**Exercise objective:**
Give again, word for word, each line below starting at the one that contains "A boy is fascinated" and ending at the one that contains "王策副研究员介绍了《天线与电".

**Material for this exercise:**
##########
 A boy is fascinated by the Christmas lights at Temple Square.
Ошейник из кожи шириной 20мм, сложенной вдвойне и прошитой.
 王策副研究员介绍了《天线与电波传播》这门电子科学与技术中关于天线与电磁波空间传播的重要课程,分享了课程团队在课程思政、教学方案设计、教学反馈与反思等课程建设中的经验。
##########
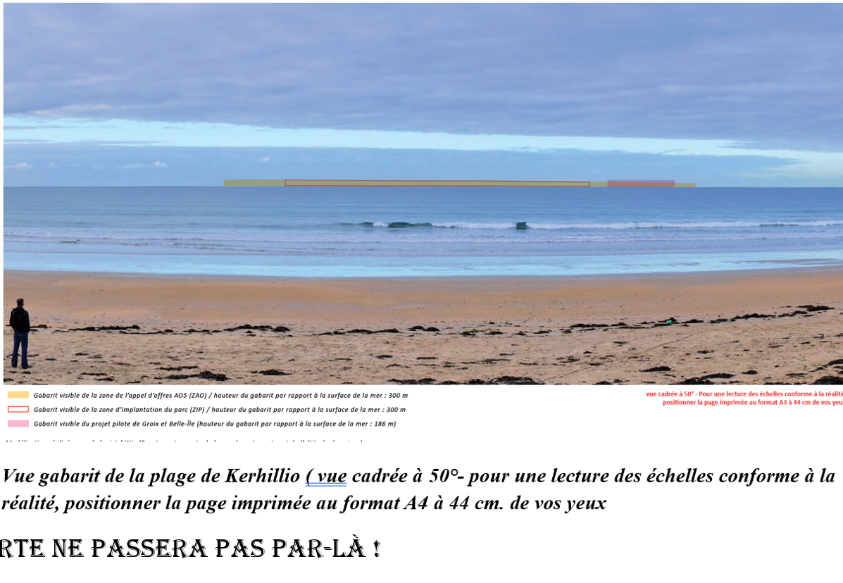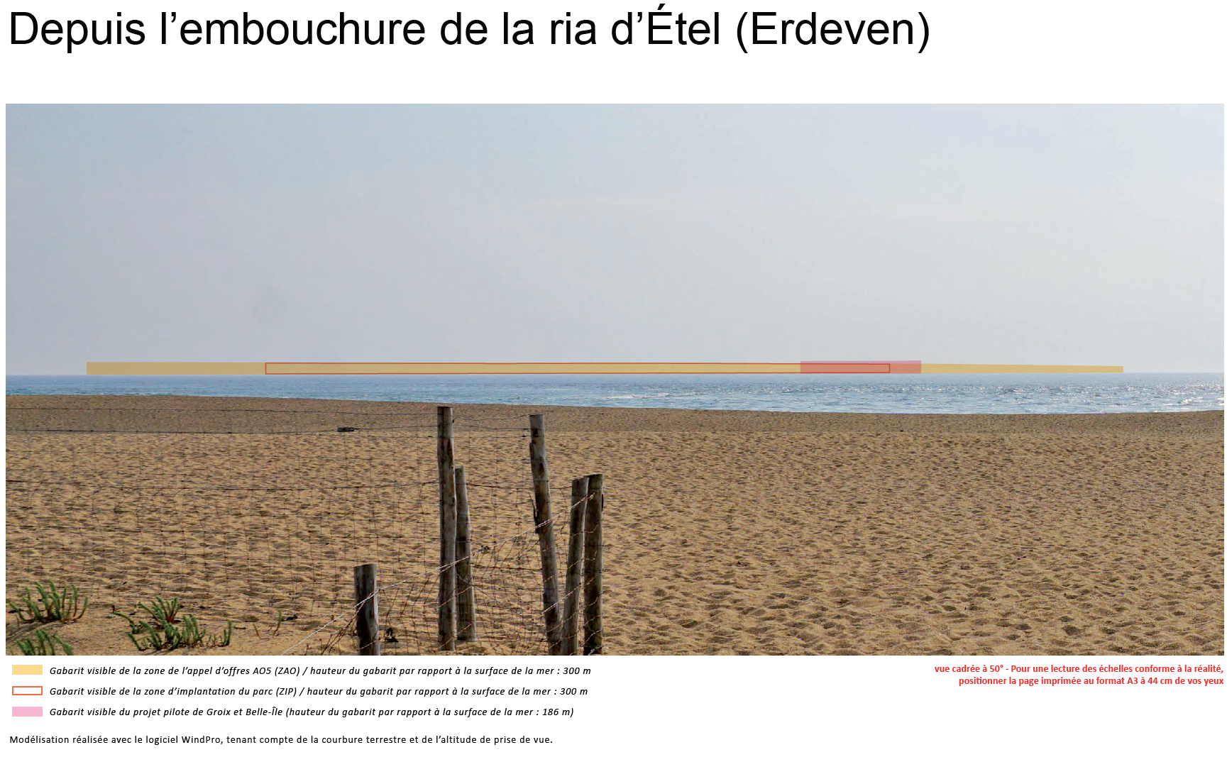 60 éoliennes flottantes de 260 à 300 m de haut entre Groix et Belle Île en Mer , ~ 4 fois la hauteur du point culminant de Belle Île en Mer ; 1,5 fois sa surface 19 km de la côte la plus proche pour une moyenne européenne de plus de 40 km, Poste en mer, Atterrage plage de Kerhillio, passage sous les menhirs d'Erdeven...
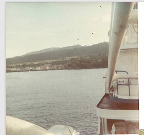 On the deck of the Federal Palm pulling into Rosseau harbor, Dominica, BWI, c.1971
##########
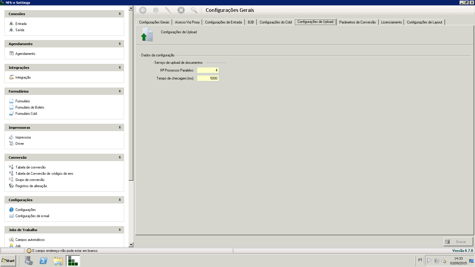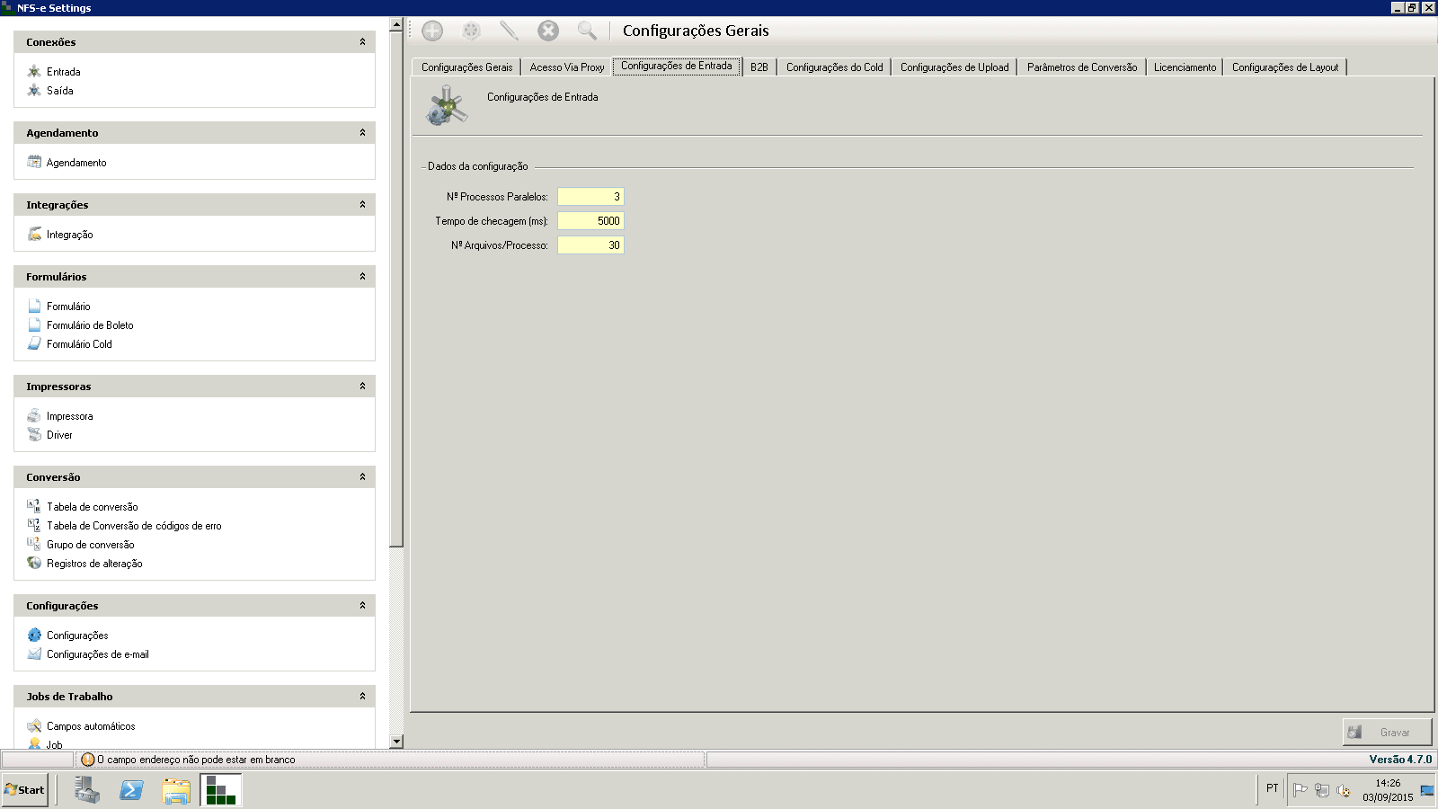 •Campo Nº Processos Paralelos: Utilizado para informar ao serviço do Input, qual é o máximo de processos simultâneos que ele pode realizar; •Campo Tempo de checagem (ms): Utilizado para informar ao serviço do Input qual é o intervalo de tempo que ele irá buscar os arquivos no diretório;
##########
**Solution for this task:**
 A boy is fascinated by the Christmas lights at Temple Square.
Ошейник из кожи шириной 20мм, сложенной вдвойне и прошитой.
 王策副研究员介绍了《天线与电波传播》这门电子科学与技术中关于天线与电磁波空间传播的重要课程,分享了课程团队在课程思政、教学方案设计、教学反馈与反思等课程建设中的经验。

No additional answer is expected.